Há algo na exposição crua da música de Clarisse que evoca a prática de deep listening, que tem com uma das precursoras a compositora e acordeonista Pauline Oliveros. Trata-se de uma escuta expandida, que abrange não apenas os sons físicos, mas também o ambiente, o corpo, as sensações internas e o silêncio. Oliveros integrou à sua prática o uso criativo da tecnologia e uma dimensão espiritual da escuta, propondo experiências de presença que atravessam o tempo e o espaço sonoro. Embora Clarisse não siga rigidamente esse caminho, há um parentesco evidente. O improviso, em sua obra, surge como uma ferramenta sensível para acessar camadas menos visíveis da criação. Como em Oliveros, escutar aqui é um gesto radical de atenção, que transforma o som em campo de abertura ao desconhecido.

As faixas de Clarisse apresentadas aqui não são exatamente músicas acabadas, no sentido convencional.

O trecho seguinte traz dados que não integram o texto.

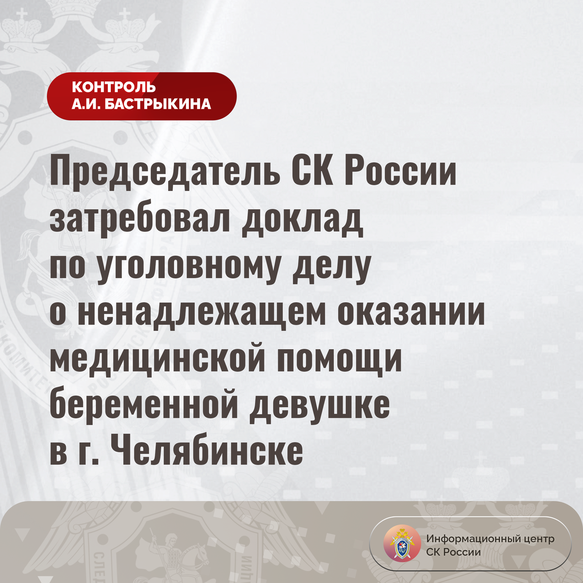Председатель СК России затребовал доклад по уголовному делу о ненадлежащем оказании медицинской помощи беременной девушке в г. Челябинске

Elas soam como pequenas mutações, como estruturas em transição, em que a técnica se oferece ao acaso, e o acaso responde de formas inesperadas. É como se a artista estivesse, de fato, trocando de pele ali, diante de nós, não como metáfora vazia, mas como processo vivo.

Henrique Gomes

Henrique Gomes é editor da SONA Magazine, pesquisador e entusiasta de práticas experimentais em som e arte.